I like to believe myself to be strong in such scenarios as these. So much blood stains my hands, too ingrained in my soul (if beings like us have one) to remove. The things I have done, and the horrors I am sure I have yet to commit, linger in my mind and will last until I take my final breath. In this sense, war is a curse. We cannot run from our past, for it will always catch up to us. Instead I have learned to embrace it, to take the memories of what I have done and to keep it as a reminder of all that has been lost and for what I am fighting for. The sole belief in my actions towards the eventual outcome gives me strength, and a small consolation that those that have died fighting beside me, have not died in vain. As for those who met their end at my hands, I can give no apology, for such words cannot possibly express the depths of my sorrow, nor atone for the very sin itself.

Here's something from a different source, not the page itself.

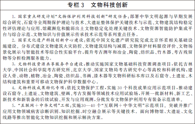 面向文物防、保、研、管、用等五大需求领域,在国家重点研发计划中部署“文物保护利用科技创新”等研发任务,突破一批关键材料、工艺、装备和集成技术。大力发展文物灾害风险防控、火灾防范与应急处置专用技术体系;重点突破石窟寺、土遗址和木结构建筑等文物病害探测、原位诊断、防治和保护工程质量评价关键技术,优化系统解决方案;加快攻克饱水象牙、贝叶经、粉化甲骨、简牍等抢救性保护技术难题;持续推动考古探测、残留物检测、工艺鉴别、产地溯源等技术升级,增强考古发现提取与综合分析能力;研究文物资源保护规划关键技术,推进文物资源管理智能化;研究构建文物知识图谱,开展文物展示传播技术创新应用示范。
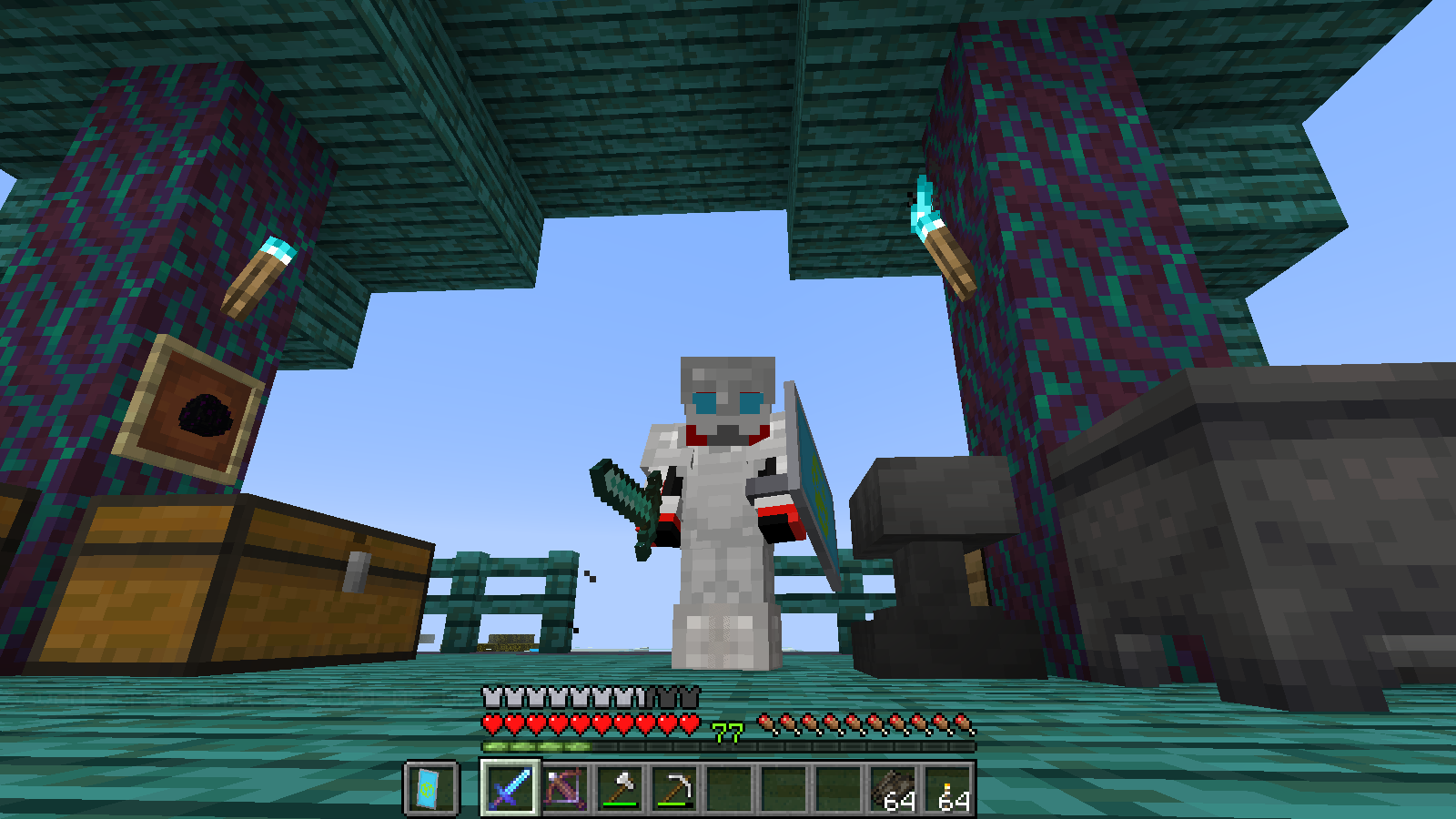 Now then, my shield was not enchanted and did not have any enchantment glint on it. And neither was my chestplate enchanted, only my boots, and my boots enchanted glint did not carry over onto the shield. Therefor, my issue is not a duplicate of MC-167043 / MC-167477, but it does involve a shield breaking enchanted items enchantment glint.

Those who are on the same side as me would not hesitate in killing off an enemy, despite the fact that the enemy was of our own kind, the same as us only fighting for a different cause. I am sure this fact alone would serve as an excuse for those of both sides. With the knowledge that in the heat of battle, we all live in the moment. That there is no distinction between us other than the symbol we wear boldly on our armour. We fight for our goals and the people who share them, those who oppose and choose to raise a weapon to us are enemy combatants who seek to derail are ambitions, and therefore must be eliminated, no matter who they are on a personal level to us. With this thought in mind, we push on, without caring for the consequences of our actions.

As for what will come from all this, I can only hope it will be worth the sacrifices made. After all, death is too higher price to pay if victory is not achieved. Despite this it is becoming all too clear that death will occur no matter which side wins. Cybertron is falling victim to the ceaseless violence engulfing it. The once beautiful land now tarnished and scattered with the remnants of battle upon battle. My fellow brethren do not care for this fact, although I often wonder if a part of them does. This is after all, our home.

The thunderous echo of explosions sound from the distance, so powerful I can feel the tremors. Iacon has become the new war ground since my leader brought the fight to it. It will only be a matter of time before it falls. I know that my fellow comrades are cheering for this prospect and a part of me wishes to join in with them. Such feelings as these run thick through my programming. War is in every circuit I possess, and yet I can't help but mourn for all that is being lost. I did not set out in life to become an antagonist of a once peaceful system, yet I made my choice just as many others did. I want what is best for Cybertron and if overthrowing a few worlds is the way to secure a more prospective future, then that is what I will do. I will follow my duties and the orders given to me and whatever the outcome is, we shall have to accept it and face up to any issues that result from it.

The battle rages on between the two factions and soon fate will have me making decisions that will affect the course of my life and perhaps that of others. I can only hope in my mind that something better will come out of all of this conflict. That this war and those to come will end soon. As a Decepticon, I should not possess any of these thoughts but then again, I always considered myself unorthodox. I am positive that I am not the only one who shares these thoughts; maybe someday they will amount to something. Until then, I will fight.

My name is Darkstreak, and I am a Cybertronian fighting for my future.